Glens Falls native Jack Bulmer’s graduate school project aims to bring good things to LED lights.

Bulmer, of Glens Falls High School’s class of 2009, is now pursuing a doctorate at the SUNY College of Nanoscale Science and Engineering. He is the chief technology officer for a team called Goodlight LLC that developed a process to improve the efficiency and reliability of LED lighting.

“We hope this will make them competitive with their traditional incandescent and fluorescent lighting options,” Bulmer said.

The team won the Capital Region portion of the New York Business Plan Competition on April 3 and will compete on Friday for the statewide grand prize.

The Goodlight project was supported with a $50,000 investment by SUNY’s Technology Accelerated Fund. The fund provides seed money for ideas that go beyond pure research but are not ready for the mass market, according to team adviser F. (Shadi) Shahedipour-Sandvik, associate professor of nanoengineering.

The fund has invested more than $1 million since 2011, which has sparked an additional $1.2 million in public and private investment, according to the college.

Large LED lighting wafers have a large number of defects, according to Shahedipour-Sandvik. The team has developed a process to identify defects before the wafers are made into full LED lights — rather than afterward, which wastes a lot of material.

The team did not want to reveal how its technology works because it is in the process of obtaining a patent.

Shahedipour-Sandvik said the LED lighting companies are well-established, which is why it was essential to create a process that would not require the purchase of additional equipment. One of the other students in the team had the idea.

“We have kind of gotten to a point where we have a proof of concept,” Shahedipour-Sandvik said.

Students learn to work in teams throughout the process, according to Shahedipour-Sandvik.

“Part of their education is to become leaders and hopefully someday have their own labs and companies,” she said.

All team members pitched in to develop this technology, Bulmer said.

“Just to be able to compete against all these other students is a great opportunity, but also to hear all the other ideas is really something special,” he said.

Bulmer, 22, is concentrating in nanoengineering for his doctorate, but he is not sure what he plans to do for a career. He would like to continue working in a lab.

Bulmer’s main project is working with single photon detectors, which are the devices NASA uses to detect ultraviolet light coming from distant planets.

Bulmer said his interest in science was sparked by his high school physics teacher Ethan Hartenberg. He saw it as a natural extension of math, a subject that already interested him.
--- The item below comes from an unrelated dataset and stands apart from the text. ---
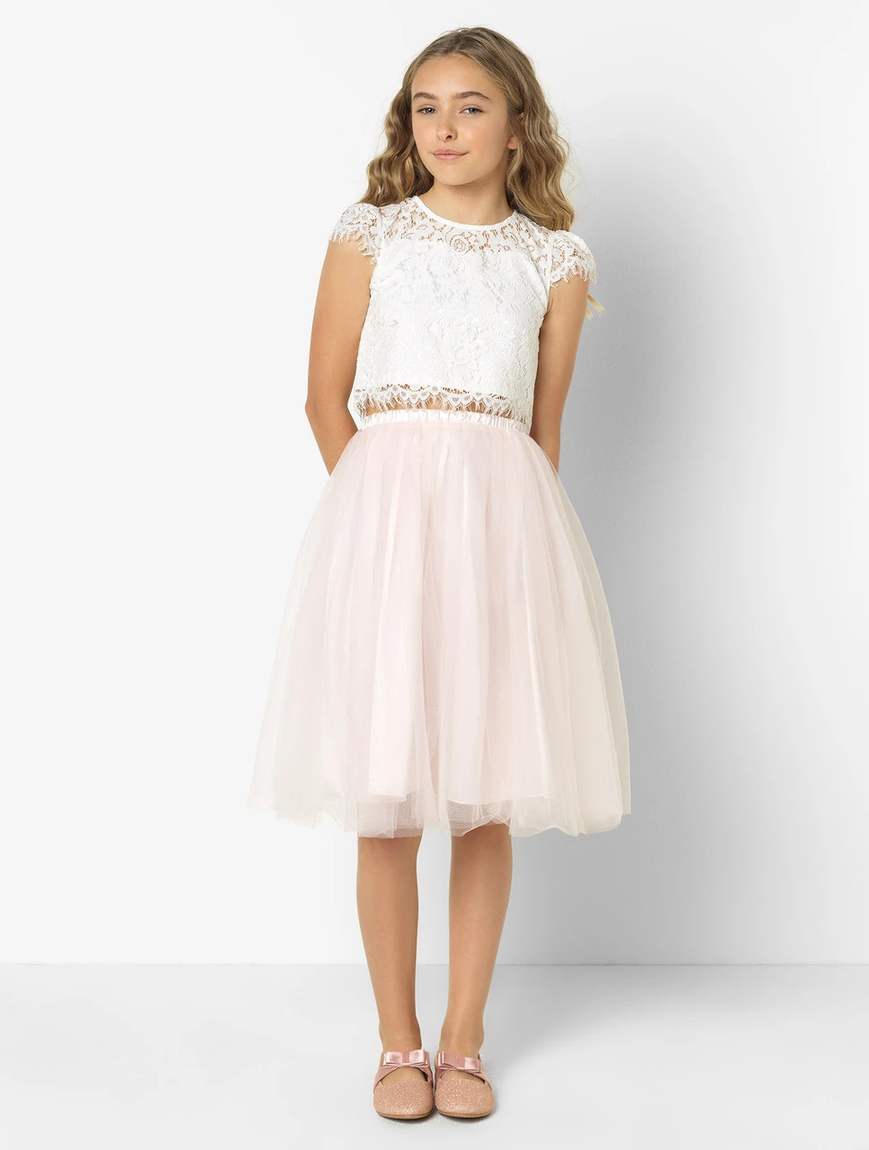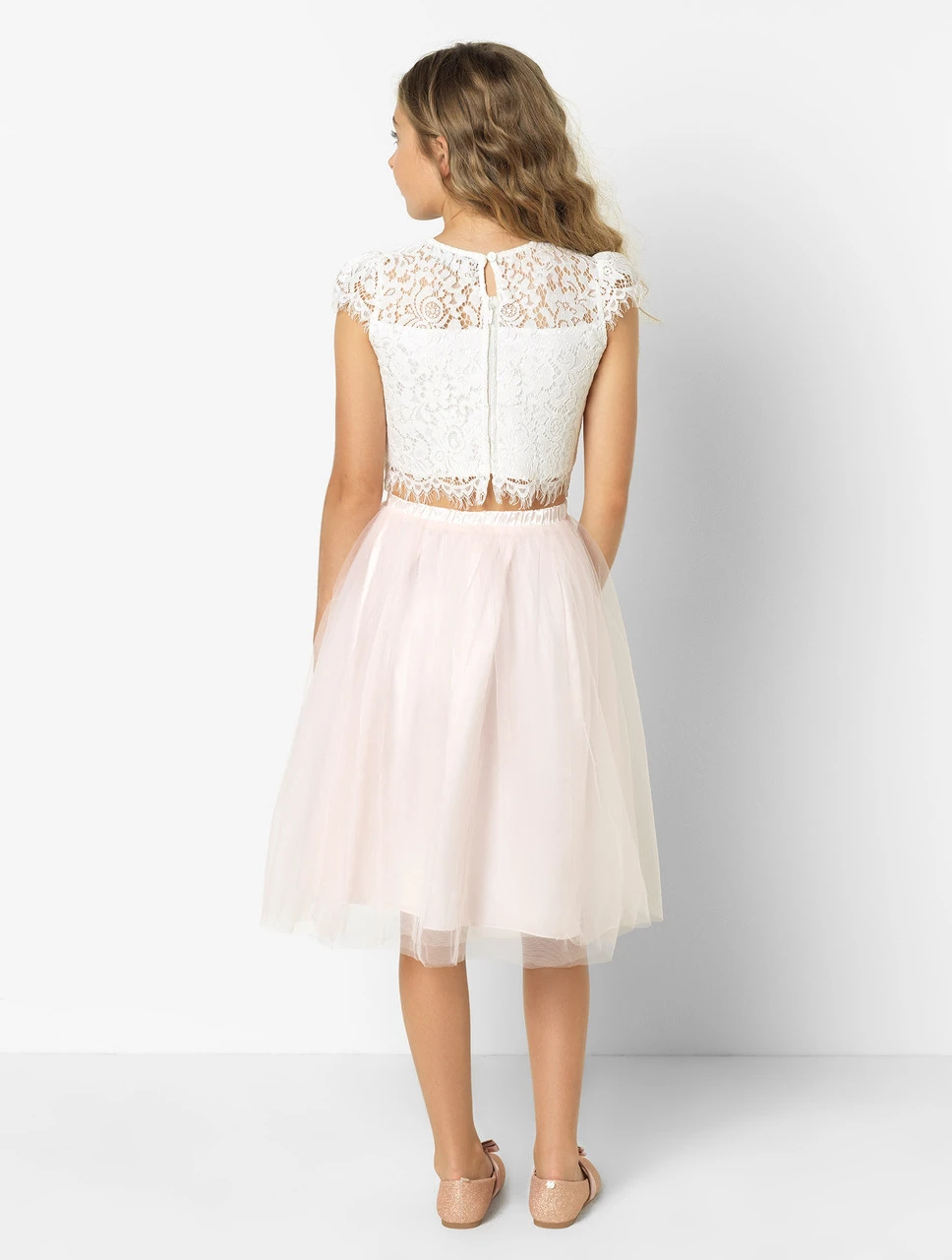 Celebrate in style with the Frances two-piece outfit; the dreamy lace top with sweetheart neckline and tulle skirt with blush undertones is a heavenly duo for your angel.

“Physics to me was just math that could be applied to real-life situations,” he said.

After graduating from high school, he majored in physics at Boston College. Toward the end of his junior year, he decided to apply for a summer internship at the SUNY College of Nanoscale Science and Engineering and spent 10 weeks in Shahedipour-Sandvik’s lab.

Bulmer said he enjoyed the experience so much that he decided to return for graduate school.

“I think it’s a great place to get a great education, and to explore these opportunities you might not get anywhere else,” he said.